* _DATASET CONTENT_
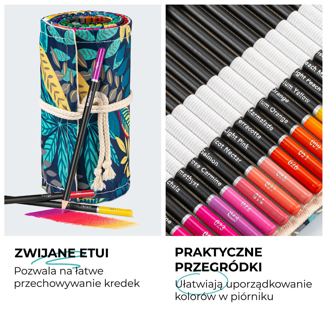 Nie tylko chroni ono kredki, ale także ułatwia organizację i pozwala zabrać Twoje przybory ze sobą, by tworzyć gdziekolwiek i kiedykolwiek zechcesz.
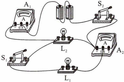 )A.两灯串联,两电流表示数相同
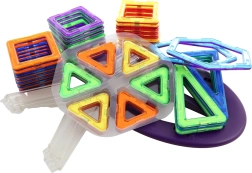 Das magnetische Konstruktionsset enthält 72 Teile in verschiedenen Farben und Formen, einschließlich fröhlicher Aufkleber. Verpackt in einer Schachtel. Verpackungsmaße ca. 40×29×6 cm. Alter 3+
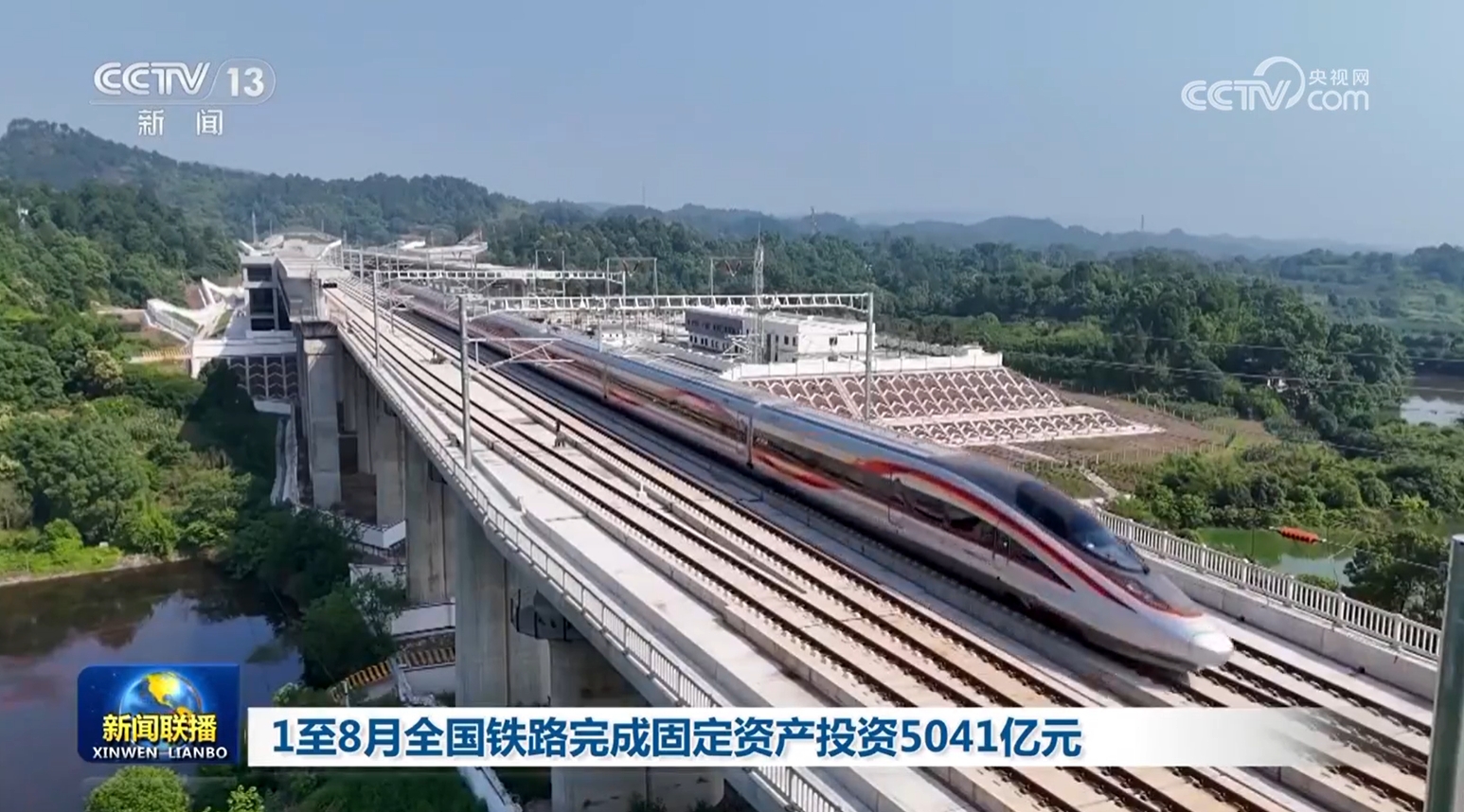 央视网消息(新闻联播):记者从国铁集团获悉,今年1至8月,全国铁路累计完成固定资产投资5041亿元,同比增长5.6%。
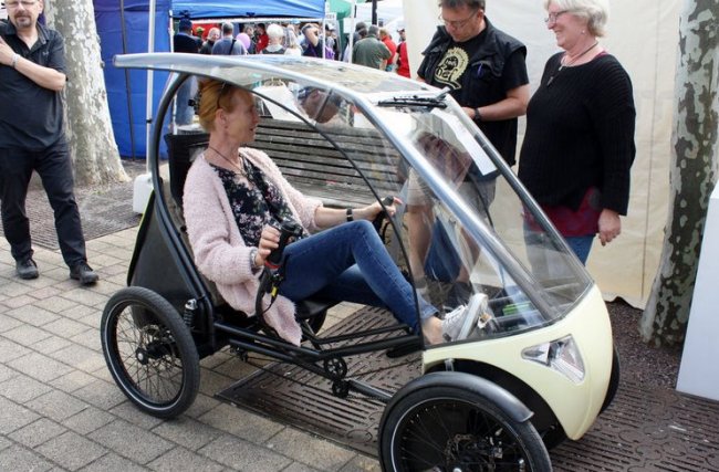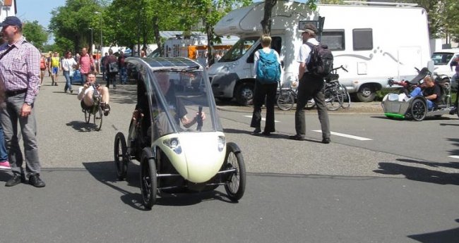Созданная немецким изобретателем Томасом Фибахом одноместная веломашина получила 21-скоростную трансмиссию с педальным приводом от правого заднего колеса и ступичным мотором в левом заднем колесе, который может выступать в качестве ассистента мышечной силе велосипедиста.

* _ABOUT THIS TASK_
Your task is to retype, exactly and only, the lines from the line holding "Das magnetische Konstruktionsset" through the final line of the data above, with both ends kept. Drop the pictures.

* _EXERCISE OUTPUT_
 Das magnetische Konstruktionsset enthält 72 Teile in verschiedenen Farben und Formen, einschließlich fröhlicher Aufkleber. Verpackt in einer Schachtel. Verpackungsmaße ca. 40×29×6 cm. Alter 3+
 央视网消息(新闻联播):记者从国铁集团获悉,今年1至8月,全国铁路累计完成固定资产投资5041亿元,同比增长5.6%。
Созданная немецким изобретателем Томасом Фибахом одноместная веломашина получила 21-скоростную трансмиссию с педальным приводом от правого заднего колеса и ступичным мотором в левом заднем колесе, который может выступать в качестве ассистента мышечной силе велосипедиста.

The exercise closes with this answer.